:: Exercise brief ::
With the pictures removed, write out the data below exactly.

:: Provided material ::
==*==

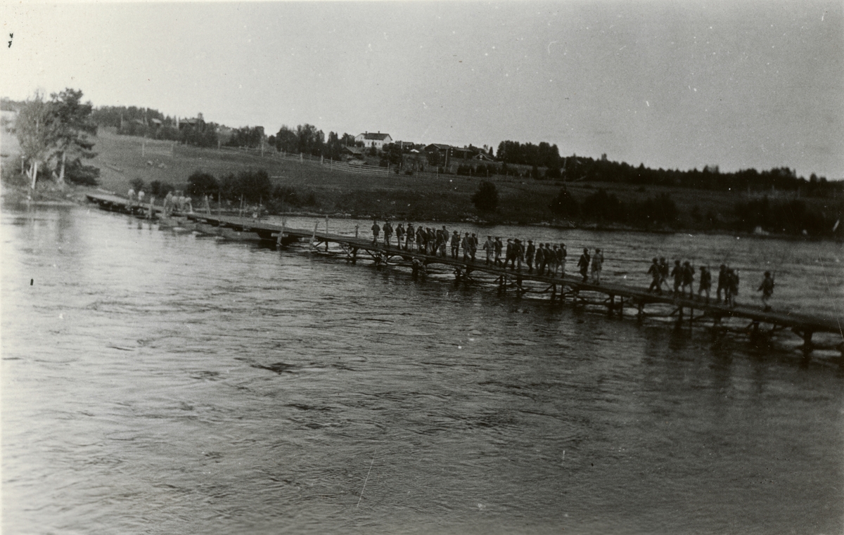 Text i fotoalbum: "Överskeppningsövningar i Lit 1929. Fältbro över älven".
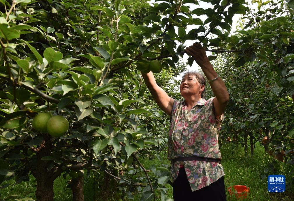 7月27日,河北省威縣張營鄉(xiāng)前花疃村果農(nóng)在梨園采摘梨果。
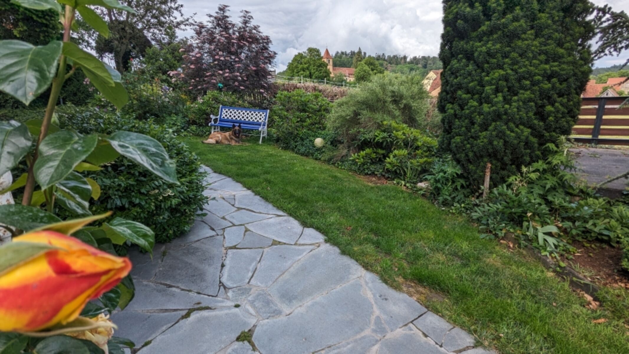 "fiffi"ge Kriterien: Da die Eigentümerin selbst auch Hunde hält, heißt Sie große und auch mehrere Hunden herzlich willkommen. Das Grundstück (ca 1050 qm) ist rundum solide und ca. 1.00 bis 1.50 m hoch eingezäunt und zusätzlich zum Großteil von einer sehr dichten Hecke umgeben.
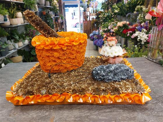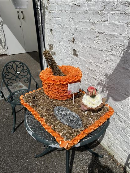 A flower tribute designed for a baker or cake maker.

==*==

:: Expected answer ::
 Text i fotoalbum: "Överskeppningsövningar i Lit 1929. Fältbro över älven".
 7月27日,河北省威縣張營鄉(xiāng)前花疃村果農(nóng)在梨園采摘梨果。
 "fiffi"ge Kriterien: Da die Eigentümerin selbst auch Hunde hält, heißt Sie große und auch mehrere Hunden herzlich willkommen. Das Grundstück (ca 1050 qm) ist rundum solide und ca. 1.00 bis 1.50 m hoch eingezäunt und zusätzlich zum Großteil von einer sehr dichten Hecke umgeben.
 A flower tribute designed for a baker or cake maker.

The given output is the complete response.